2.5. Manual validation of automated scoring of multiplex immunofluorescence staining
Standard deviation between the three algorithms was calculated for each of the immune markers within both the epithelial and the stromal compartment. Outliers were identified and cross-referenced with the composite image of the corresponding TMA core to verify the discrepancy before excluding the outlying data points from further analysis. Any quantifications that included mis-identification of histological artifacts as immune cells by any of the three algorithms were also excluded from analysis. Algorithms that consistently over- or undercalled the immune marker quantification were excluded from analysis. Further visual validation of the automated scoring was performed for randomly selected TMA cores.
2.6. Statistical analysis
Analyses were conducted using R version 3.5.3. Kaplan-Meier curves were plotted using log-rank statistics with survival and survminer packages. Follow-up time for Kaplan-Meier curves ended when 10% of patients remained in each group [21]. Log-rank statistics were used to optimize thresholds for an ideal number of CD163+ M2-like TAMs/CD79a+ B cells associated with shorter recurrence-free survival (RFS), using the maxstat package in R. Optimal thresholds are summarized in Supplementary Table 3. Univariate and multivariable analyses were performed and visualized using the survival and ggplot2 packages in R.
3. Results
3.1. Female patients with high-grade NMIBC exhibit shorter PFS
In the KHSC cohort, 22% of the patients were female, 60% of the entire cohort had high-grade disease at original presentation, and the majority (88%) did not have evidence of BCG immunotherapy prior to collection of their specimens (BCG naïve). Approximately 54% of patients received one or more doses of BCG. Clinical care of all patients was coordinated at a single treatment clinic, and decisions regarding adjuvant therapies were based on risk stratification in concordance with American Urological Association (AUA) risk stratification [22]. The UROMOL cohort had a similar proportion of female patients (22%).
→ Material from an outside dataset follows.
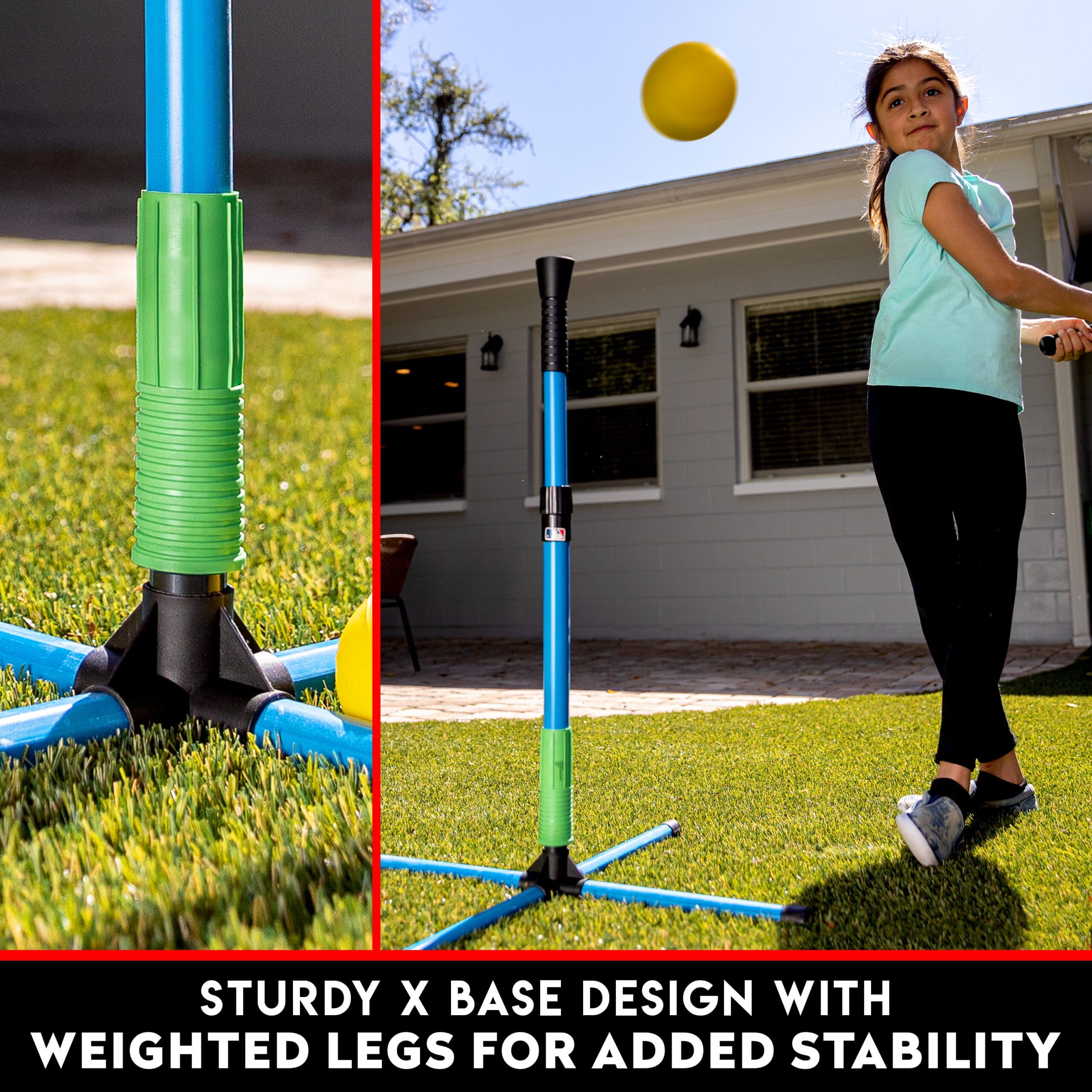 - STURDY DESIGN: The portable XT tee is constructed with a weighted “X”-style base for improved stability to prevent tipping on each swing

The proportions of patients who underwent BCG immunotherapy were 19% and 54% in the UROMOL and KHSC cohorts, respectively. In alignment with previous reports on sex-associated differential outcomes, female patients with high-grade NMIBC had shorter PFS than their male counterparts in both the cohorts (Fig. 1A and B).
Fig. 1.
Patients with NMIBC exhibit sexual dimorphism in progression-free survival and tumor immune microenvironment. Kaplan-Meier survival curves showing female patients with high-grade NMIBC experienced significantly (p < 0.001) shorter PFS than their male counterparts and patients with low-grade tumors, in both (A) the UROMOL and (B) the KHSC cohorts. Kaplan-Meier survival analyses were performed using log-rank statistics with survival and survminer packages. (C) High-grade tumors from female patients in the UROMOL cohort exhibit significantly increased expression of immunoregulatory genes CXCL13, PDCD1, CD40, CTLA4, and ICOS. VST-normalized genes between four cohorts are as follows: high-grade cancer in females (HG_F), low-grade cancer in females (LG_F), high-grade cancer in males (HG_M), and low-grade cancer in males (LG_M). The Kruskal-Wallis test was employed to determine statistically significant differences. Violin plots of the mean cell counts for (D) CD163+ and (E) CD79a+ cell populations in the epithelial (left) and stromal (right) compartments of tumors from the KHSC cohort. Plots were stratified by low- and high-grade samples for males (blue) versus females (pink). Significant differences were signified by asterisks between grades (with bracket) and between sexes (no bracket), as determined by the Mann-Whitney U test. * p < 0.05. ** p < 0.01. *** p < 0.001. (F) In a subset of patients from the KHSC cohort that recurred in <1 yr, female patients had significantly higher density of CD163+ cells in the stroma and epithelium, while there were no significant sex-associated differences in CD79a+ cells. * p < 0.05. (G) Spearman correlation plot for CD163+, CD79a+, and PD-L1+ populations in the epithelial (Epi) and stromal (Str) compartments of tumors from the KHSC cohort. Dark blue indicates a positive correlation coefficient (>1), and dark red indicates a negative correlation coefficient (<1). (H) Violin plots of the mean cell counts for PD-L1+ cell populations in the epithelial (left) and stromal (right) compartments of tumors from the KHSC cohort. Plots were stratified by low- and high-grade samples for males (blue) versus females (pink). Differences between grades in each compartment were determined by the Mann-Whitney U test. *** p < 0.001. HG = high-grade; KHSC = Kingston Health Sciences Center; LG = low-grade; NMIBC = non–muscle-invasive bladder cancer; PFS = progression-free survival.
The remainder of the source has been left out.